Такие дела, если они раскрываются, проходят мимо глаз широкой общественности, потому что, не может среди советских людей оказаться маньяков, педофилов или каннибалов. Особенно, если они члены партии с пятнадцатилетним стажем. Если уж и суждено такому случившемуся преступлению всплыть наружу в прессе, то, только в том случае, когда преступника поймали прямо около тела жертвы и на нем не висят многие убийства в течении долгих лет.

А признать, что маньяк свободно разгуливал много лет на свободе, убивая десятки своих жертв и за это уже кого-то осудили и расстреляли наши защитники социалистической законности — нет, на такое Советская власть сама не способна.

Как известно, наследники советских чекистов никогда не ошибаются, особенно в случае уже вынесенной меры социалистической законности и поделать с этим решительно ничего невозможно.

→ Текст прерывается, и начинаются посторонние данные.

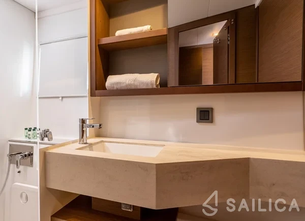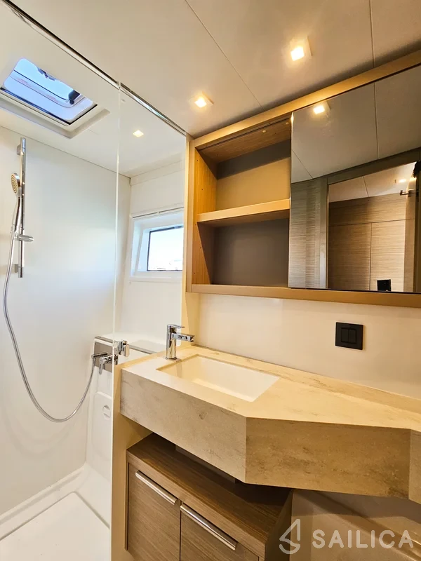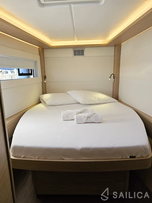 Lagoon 46 Galeb Catamaran was produced in 2023, and is operated by the Baotic Yachting charter company. This luxurious vessel can comfortably accommodate up to 8 people, it contains 4 cabins and 4 WC. For your convenience, Lagoon 46 Galeb is equipped with an Hot Water , Windlass, Stove, Deck Shower, GPS Chartplotter and much more.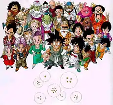 ![]() Personajele din Dragon Ball la sfârșitul seriei manga | |||
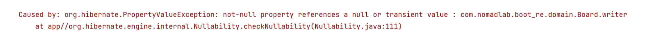 ✓ 일반적으로 엔티티 객체(Board 클래스)는 가능하면 최소한의 변경이나 변경이 없는 immutable로 설계하는 것이 좋지만, 강제적인 사항은 아니므로 Board 클래스에 수정이 가능한 부분을 미리 메서드로 설계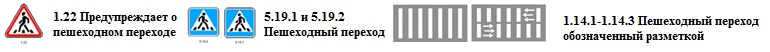 1.22 «Пешеходный переход». Пешеходный переход обозначенный знаками 5.19.1, 5.19.2 и (или) разметкой 1.14.1 – 1.14.3.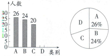 (1)问卷调查的总人数为26÷26%=100(人),D类别人数为100−(26+24+20)=30(人),补全条形图如图: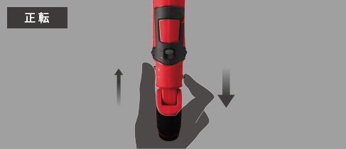 本体右側(上から見て)を手前に引けば「正転」。工具のトリガーを引くのと同じ操作感覚。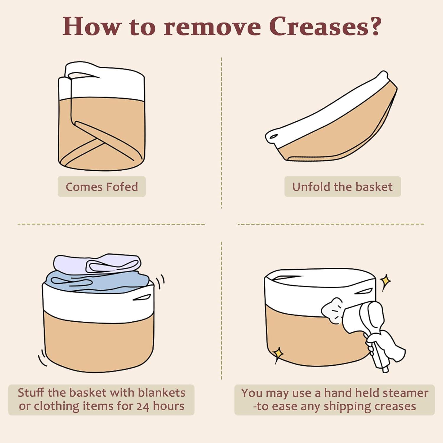 NOTE: The home woven storage basket is folded when shipping, it will turn back to its elegant shape quickly when you fill in some towels or clothing , and also iron is a good idea (However, the bottom cannot be ironed and washable)

Впрочем, в любой стране дать обратный ход такому несправедливому приговору тоже не менее сложно, какая бы там развитая демократия не оказалась, будем откровенны.

И прессы, способной раздуть такой случай просто не имеется в наличии, в отличии от тех же годов конца восьмидесятых и начала девяностых, когда народ все же узнал это чудовище в лицо.

Поэтому я понимаю, что лучшей профилактикой против маньяка станет отправка нового комплекта похожих писем по старым или еще новым адресам через какое-то время.

Можно и пару лет этим заниматься, пусть органы будут уверены, что такой знающий человек именно в Ленинграде живет, ничего страшного в этом нет.

Про других маньяков я ничего не помню, хоть про этого что-то знаю доподлинно.

Месяца через два или три отправлю, хотя, буду все же надеяться, что прямое указание фамилии убийцы должно привлечь к нему внимание партийных и правоохранительных органов. И в случае новой жертвы они как следует проверят алиби гражданина Чикатило, поймут, что с ним все не так и займутся им серьезно.

Про аварию на Чернобыльской станции все еще гораздо сложнее — это в смысле привлечь чье-то внимание к опасности проводимого там эксперимента. Тонкостей самого произошедшего я не помню, как и точной даты и особенно — времени случившегося.

И это печально, ибо, точное указание даты и времени запланированного эксперимента оказалось бы способно привлечь к анонимке внимание, хотя бы за разглашение какой-никакой тайны. Если завалить министерство атомной промышленности таким письмами, правда, я смутно вспоминаю, что называется оно сейчас Средмашем в целях непонятной конспирации.

Таким образом, который мне доступен, внимание не привлечешь никакого, сколько писем не рассылай и на заборе их не развешивай.

Сейчас я еще маленький восьмиклассник, в восемьдесят шестом мне уже будет почти двадцать лет, но, никакого внятного объяснения своим словам предупреждения, что не стоит устраивать этот эксперимент я представить пока не могу и тогда тоже, скорее всего, не придумаю, как это объяснить.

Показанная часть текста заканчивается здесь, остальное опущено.